- Interactive map of Pandu Port

Location
- Country: India
- Location: Guwahati, Assam
- Coordinates: 26°10′15″N 91°40′42″E﻿ / ﻿26.17083°N 91.67833°E

Details
- Operated by: Inland Waterways Authority of India
- Owned by: Inland Waterways Authority of India
- Type of Harbor: River port
- No. of wharfs: 2
- Products Products: coal, jute, stone, chemical fertilizer

Statistics
- Depth of the port: 2 metres (6 ft 7 in)
- Website www.panduport.com

= Pandu Port =

Pandu Port is a river port in the Indian state of Assam, serving Guwahati. This port has been developed on the bank of the Brahmaputra river. The port is the most important and the largest river port in Assam state. Many passenger ships at the port are anchored with the tourists. However, the state government has now allocated funds for the modernization of the port for national waterway development projects. In order to arrange a ship anchorage, a naval terminal or permanent jetty has been formed. The Port is included in the port of call agreement between India and Bangladesh.

== History ==
The port has been working as the main river port of the Brahmaputra valley for a long time centering Guwahati city. In the British India era, jute and tea were transported from the port to Kolkata Port and Chittagong port. The necessary goods were imported by the port on the same track. But after independence, this path was started till 1956. After that it was closed.

==Importance==
Pandu port acts as a natural river harbour. It falls under Dhubri-Sadiya National Waterway-2 and is an important terminal cum transit point for goods and cargo as well as passenger and tourist vessels.

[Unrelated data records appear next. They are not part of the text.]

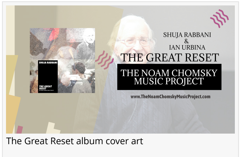
The Great Reset album cover art

This press release can be viewed online at: https://www.einpresswire.com/article/550340533
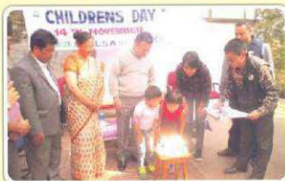
J.N.M.I. Namchi, South Sikkim
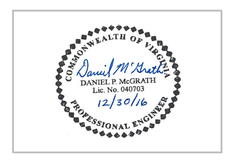
Engineer seal, signature and date

I certify that the inspection of the above listed CCR surface impoundment was conducted in conformance with the requirements listed in 40 CFR 257.83, and with generally accepted good engineering practices.
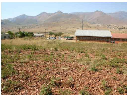
Photograph 6: January 2009

Teachers' agency to support initiatives remained noticeable as observed in the vegetable garden at the rural secondary school. An extensive area on the school grounds was ploughed by a farmer in May 2006 (Photograph 3); mothers weeded the garden in May 2007 (Photograph 4); learners and their teacher worked in the vegetable garden during a Biology class in October 2007 (Photograph 5); a fence was erected around a smaller vegetable garden in April 2008 and more soil turned in the terrain of the smaller vegetable garden in January 2009 (Photograph 6). Teachers also obtained seeds and tools from community members in April 2009, and assembled structures around young seedlings to protect them from goats in April 2010.
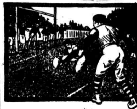
EVERY SUCCESS HAS ITS OWN GOAL.

Get the best—Henderson & Ames' uniforms, at Armstrongs.
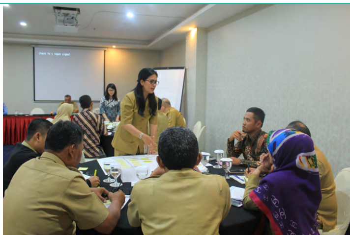
Participants at the City to province dialogue on climate action
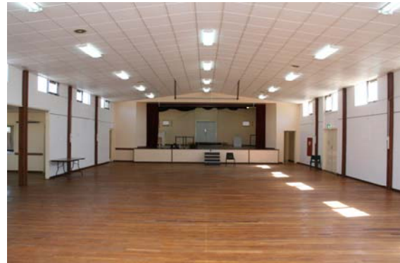
Town Hall - looking towards stage (from entry end of room)
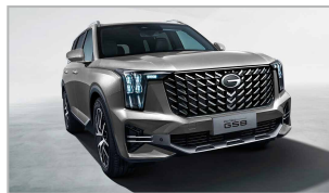
DYNAMIC DESIGN Rule the roads with its striking grille design and towering form.
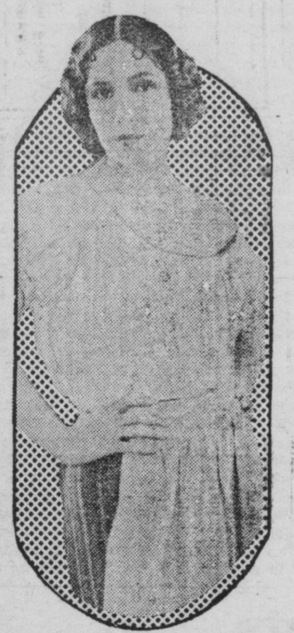
Dolores Del Rio, Mexican actress, in a leading role in "What Price Glory?"
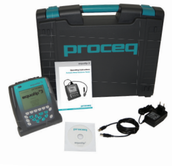
353 10 050 basic unit
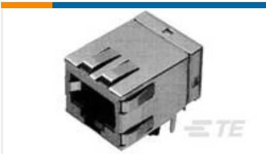
TE Part #5406299-1 MJ ASSY,S/P,8POS,SH,RVPGT,CAT 5e
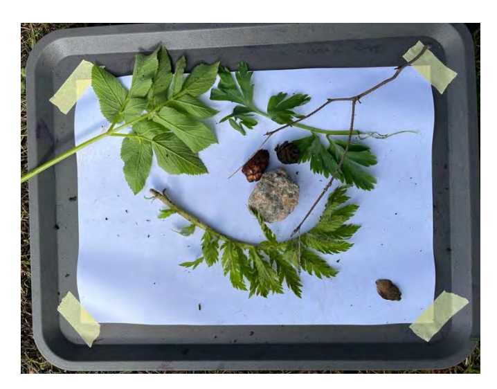
Figure 5: "Horror Man" by C7.

Some of the children's land art pieces (n = 5) were clearly conceived in their imaginations without explicit inspiration from the natural world. These pieces were characterized by the depiction of fictional creatures from popular culture or shapes that were original to each child's individual vision. "Horror Man" featured conifer cones as the character's eyes and a stone as its nose. In the creation of this artwork, the child incorporated leaves to enhance the details of the character's features, including the depiction of its hair and mouth (see Figure 5).
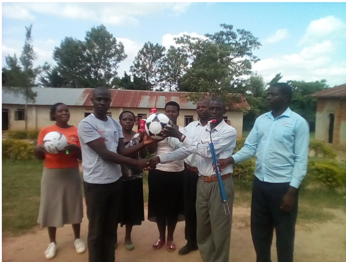
Pupils and the Staff Rwengwe Primary School in Bukiro Sub County receiving sports equipment from RTY.
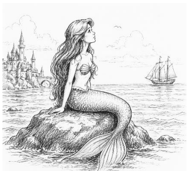
The Little Mermaid

2. Look at the images below and discuss the questions in pairs or small groups.
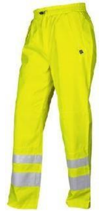
SUPER HI-VIS TROUSERS
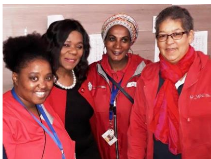
Violet, Sonia, and Pauline from HOPE Cape Town attended Thuli Madonsela's lecture on the 6 th of November 2018.

On the 31 st of October 2018, the community health workers of HOPE Cape Town boarded a boat to Robben Island to visit historical landmarks and to learn more about the history of Robben Island and South Africa as a whole. The day was filled with laughter and learning, as the HOPE Cape Town team gained valuable knowledge regarding Robben Island, the history of South Africa, and the living conditions of the former Robben Island prisoners.
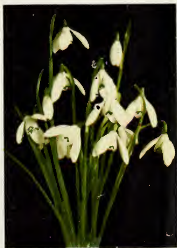
Snowdrops (See page 6)

Construction of both low-level and high-level jetty of fixed terminal, capable of handling container vessels, has been completed and has further enhanced revenue generation for the city. The port opened a new route for transporting goods in Assam and North East India. Assam and Northeast India associated with Kolkata Port and Haldia Port by Pandu port.

== Infrastructure ==
A low level jetty is operational for berthing of vessels. Two shore cranes of 20 ton capacity, one container crane of 75 ton capacity and ones floating crane are placed at terminal for handling of cargo. A high level jetty and B.G. siding is under construction at this location.

- A permanent terminal for container transport.
- The high and low level jetty of the river for shipping the goods.

==RORO==

Port has a roll-on/roll-off (RORO) ferry service with 1 vessel operated on National Waterway 2 (NW2) by Inland Waterways Authority of India (IWAR) with capacity of 200 passenger, 4 cars and 2 trucks.